• Aim of the exercise: Starting at the first line of the listing below, repeat each line up to and including the one containing "本周三峡、国家电投、国家能源". Leave out pictures.

• Data provided:
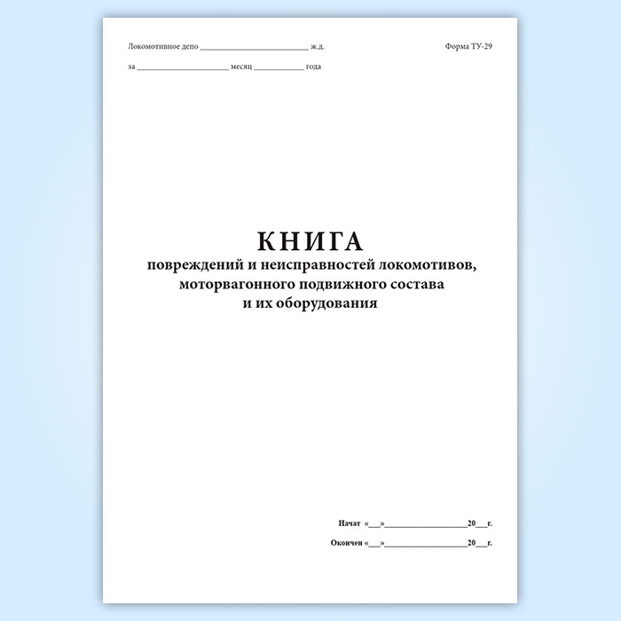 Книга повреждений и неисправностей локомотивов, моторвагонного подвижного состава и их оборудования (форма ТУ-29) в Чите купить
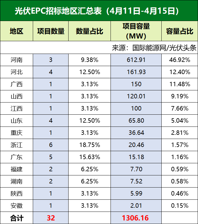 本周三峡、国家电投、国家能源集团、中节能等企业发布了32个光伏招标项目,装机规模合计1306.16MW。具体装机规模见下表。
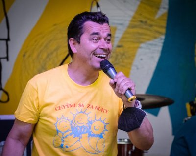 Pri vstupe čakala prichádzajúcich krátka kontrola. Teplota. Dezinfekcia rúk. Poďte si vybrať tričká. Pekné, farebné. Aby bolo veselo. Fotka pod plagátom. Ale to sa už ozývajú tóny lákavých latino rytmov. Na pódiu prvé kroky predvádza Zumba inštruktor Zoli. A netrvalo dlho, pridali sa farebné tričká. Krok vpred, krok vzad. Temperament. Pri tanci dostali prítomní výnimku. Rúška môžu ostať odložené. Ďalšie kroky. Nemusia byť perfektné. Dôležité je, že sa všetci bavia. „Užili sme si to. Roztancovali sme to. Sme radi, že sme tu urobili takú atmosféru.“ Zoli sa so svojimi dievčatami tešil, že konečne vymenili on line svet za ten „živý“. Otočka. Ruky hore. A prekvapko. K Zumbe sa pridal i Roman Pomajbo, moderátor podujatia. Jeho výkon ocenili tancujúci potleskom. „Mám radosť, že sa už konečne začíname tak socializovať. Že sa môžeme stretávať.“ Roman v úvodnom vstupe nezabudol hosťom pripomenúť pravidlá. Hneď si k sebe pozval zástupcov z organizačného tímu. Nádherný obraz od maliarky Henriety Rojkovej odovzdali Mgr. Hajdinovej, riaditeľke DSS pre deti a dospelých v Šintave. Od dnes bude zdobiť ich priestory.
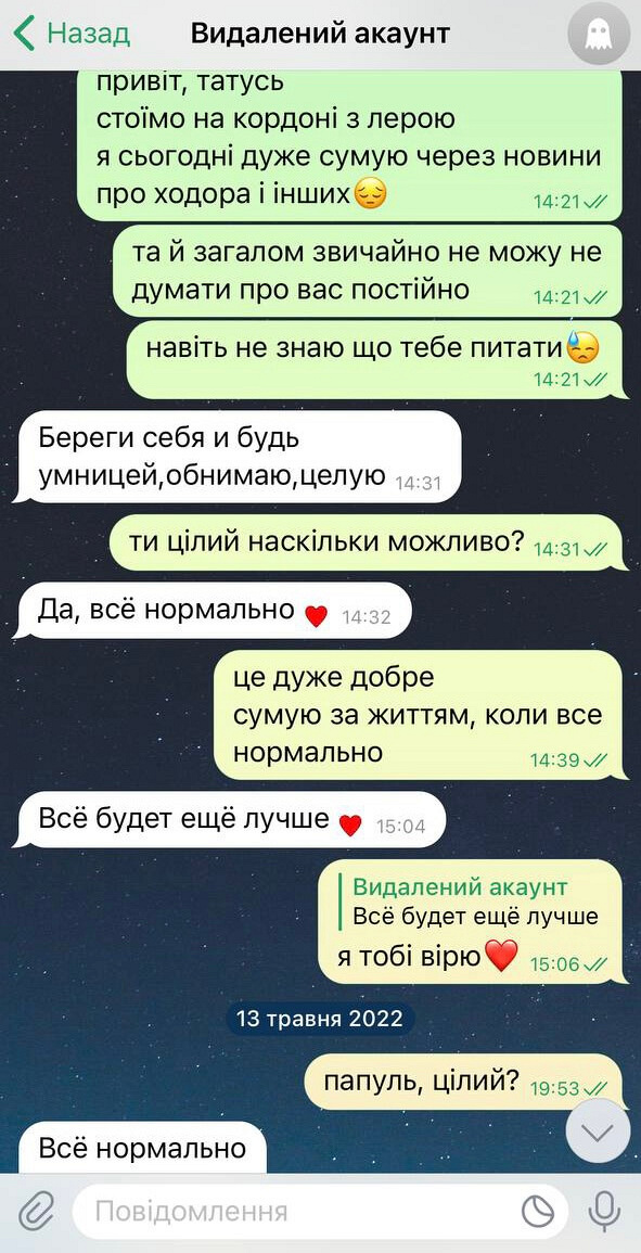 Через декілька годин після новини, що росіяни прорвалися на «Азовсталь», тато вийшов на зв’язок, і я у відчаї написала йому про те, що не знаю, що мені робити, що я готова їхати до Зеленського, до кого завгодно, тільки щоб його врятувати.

• Your solution:
 Книга повреждений и неисправностей локомотивов, моторвагонного подвижного состава и их оборудования (форма ТУ-29) в Чите купить
 本周三峡、国家电投、国家能源集团、中节能等企业发布了32个光伏招标项目,装机规模合计1306.16MW。具体装机规模见下表。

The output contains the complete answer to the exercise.